Antidepressants are established first-line treatments for anxiety disorders, but it is not clear whether they are equally effective across the severity range.
To examine the influence of baseline severity of anxiety on antidepressant efficacy for generalised anxiety disorder (GAD), social anxiety disorder (SAD), obsessive–compulsive disorder (OCD), post-traumatic stress disorder (PTSD) and panic disorder.
Fifty-six trials of second-generation antidepressants for the short-term treatment of an anxiety disorder were included. Baseline and change scores were extracted for placebo and treatment groups in each trial. Mixed effects meta-regression was used to investigate the effects of treatment group, baseline severity and their interaction.
Increased baseline severity did not predict greater improvement in drug groups compared with placebo groups.

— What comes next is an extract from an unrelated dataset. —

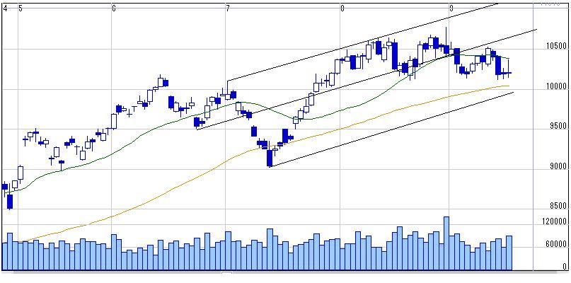 ・画像2の下値ライン10170近辺と画像1の真ん中ライン10140近辺、週足下値支持ライン10120近辺が重要な下値支持ラインと考えます。

Standardised regression coefficients of the interaction term between baseline severity and treatment group were 0.04 (95% CI –0.13 to 0.20, P = 0.65) for GAD, –0.06 (95% CI –0.20 to 0.09, P = 0.43) for SAD, 0.04 (95% CI –0.07 to 0.16, P = 0.46) for OCD, 0.16 (95% CI –0.22 to 0.53, P = 0.37) for PTSD and 0.002 (95% CI –0.10 to 0.10, P = 0.96) for panic disorder. For OCD, baseline severity did predict improvement in both placebo and drug groups equally (β = 0.11, 95% CI 0.05 to 0.17, P = 0.001).
No relationship between baseline severity and drug–placebo difference was found for anxiety disorders. These results suggest that if the efficacy of antidepressants is considered clinically relevant, they may be prescribed to patients with anxiety regardless of symptom severity.